History and Description
As the city neared the 25th anniversary of the capture and annexation of Rome to the Kingdom of Italy, which had wrested the city from the temporal rule of the papacy, plans were made to install monuments related to the project of a unified Italy. In 1886, the minister of Education in Rome, Biagio Placidi, proposed the construction of a monument to Cola di Rienzo. With the support of the mayor, Leopoldo Torlonia and the city council, bought a bronze statue that had been cast in 1870 by the sculptor Girolamo Masini.
Finding a location for the statue proved controversial. One initial proposal was to site the statue in Piazza Cola di Rienzo, a small park located in the newly minted urban rione (neighborhood) of Prati, not far from the Vatican itself. The papacy had yet to reconcile with its loss of temporal power over its prior state, and would not have viewed kindly the placement of statue honoring an anti-papal figure within a few minutes walk from the Papal palace.

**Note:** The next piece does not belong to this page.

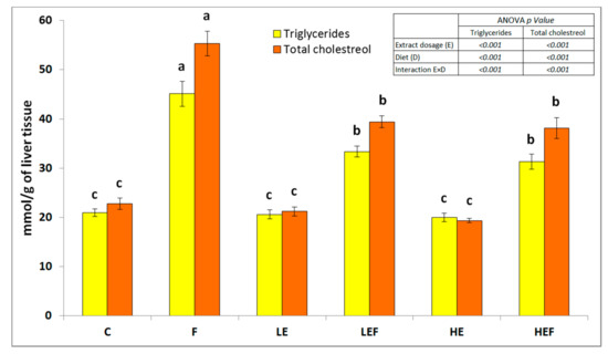 The hepatic level of cholesterol and triglycerides of rats fed the experimental diets: the values are the means ± SEMs. Mean values not sharing the same superscript letter within bars (a, b, or c) are different at p < 0.05. C, control fed a diet with 53% corn starch; F, fed a diet with 14% pam oil added at the expense of corn starch; LE, fed a C-diet with a strawberry ET-rich extract at a low dosage of 0.24% of the diet; LEF, fed an F-diet with a strawberry ET-rich extract at a low dosage of 0.24% of the diet; HE, fed a C-diet with a strawberry ET-rich extract at a high dosage of 0.72% of the diet; and HEF, fed an F-diet with a strawberry ET-rich extract at a high dosage of 0.72% of the diet.

Ultimately, the site chosen was complex. Positioning near the Campidoglio, which held for centuries the municipal offices of Rome and its senate, was apt for a man who had once postulated himself as the new tribune of what he hoped would be a quasi-republican Rome, freed from the rule of both Papal and powerful Roman families. In addition, Cola di Rienzo had repaired, during his rule, the steps to the Ara Coeli church. Finally, a medieval brick building nearby, close to Santa Maria in Cosmedin was rumored to have been Cola di Rienzo's home. Finally, it was also rumored that the man was executed at the Campidoglio in 1354. However, the statue was placed on an incline of the grassy knoll, with no direct access to foster the aggregation of crowds, or the creation of a new locus for pasquinades.
The statue depicts a standing Cola di Rienzo, his hooded face and wild hair emerging from shadows, his arm raised as if to address the public. The statue faces northwest, towards the center of historic urban Rome, but also towards the Vatican, which had been his nemesis. The base of the statue, completed by Francesco Azurri is a mosaic made with brick and marble rubble reliefs that had been associated with the steps around this monument. A simple inscription reports his name.
The monument was inaugurated without ceremony on 20 September 1887.[1]